Tus uñas hablan: cuídalas y consulta ante dudas
Las uñas en cuchara pueden ser la pista de que tu cuerpo necesita más hierro o que existe otra causa subyacente. No ignores los cambios en tus uñas: revisa tu dieta de forma paulatina, mantén una buena hidratación y consulta a tu médico si tienes dudas.
Así como los peques necesitan adaptarse gradualmente a nuevas rutinas, tus uñas también requieren cuidados constantes y atención profesional cuando sea necesario. En Promofarma puedes encontrar productos para el cuidado de uñas y bienestar. ¡Empieza hoy a cuidar de ti y de tus uñas!
Preguntas frecuentes
¿La coilonquia siempre indica falta de hierro?
No siempre. Aunque la deficiencia de hierro es la causa más común, también puede deberse a hemocromatosis, problemas hepáticos, traumatismos o deshidratación.
¿Qué pruebas pide el médico ante uñas en cuchara?
Habitualmente, una analítica de sangre para medir hierro, ferritina, hemograma y, si es necesario, pruebas hepáticas o renales según el caso.
¿Puedo mejorar la coilonquia solo con dieta?
En casos leves y sin enfermedad subyacente, una dieta rica en hierro y vitaminas puede ayudar. Si hay déficit importante, puede ser necesario suplemento bajo control médico.
¿Cuánto tardan las uñas en recuperarse tras tratar la causa?

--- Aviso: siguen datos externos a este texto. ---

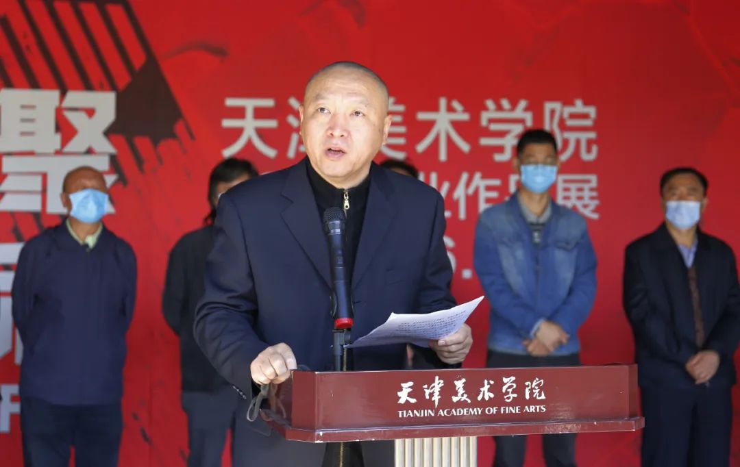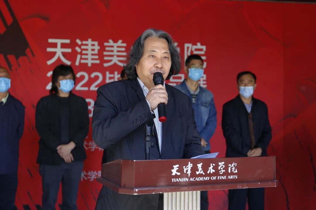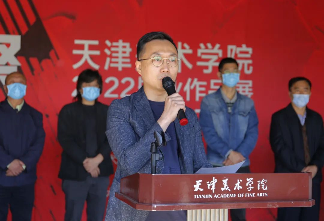 贾广健在致辞中讲到,天津美术学院2022届毕业生作品展如期而至,今年毕业季的主题是:“融聚合和”。融,概括了学校在推进新文科建设和教学改革中的新教育理念;聚,则表明了全校师生共抗疫情、勠力同心、共克时艰的坚守和汇聚成的力量;合,通过毕业展恰如其分地表现出合而为一的不可分割,把同学们聚合在一起;和,表示把不同的事物协调好,达到一种和谐、美好的圆满。这一主题高度概括了本届毕业生培养过程和本次展览的特点,并传达了我们的美好祈愿。于学校而言,毕业展是对学校人才培养质量的一次全面检验。这是学院坚持立德树人的根本任务、扎实推进思政教育,着力于“新文科”建设,不断提高教学质量结出的硕果。于毕业生而言,毕业展是每一位毕业生同学四年学习成果的一次总结,也是他们艺术之旅的新起点。希望毕业生们秉承“崇德尚艺、力学力行"的校训精神步入社会,勇做新时代的奋斗者和攀登者。

Las uñas crecen despacio. Tras corregir la causa, pueden tardar de 3 a 6 meses en recuperar su forma y dureza normales.
¿Hay remedios caseros que ayuden mientras se trata la causa?
Sí. Mantener las uñas hidratadas, evitar productos agresivos y proteger las manos puede mejorar su aspecto temporalmente, pero es clave tratar la causa de fondo.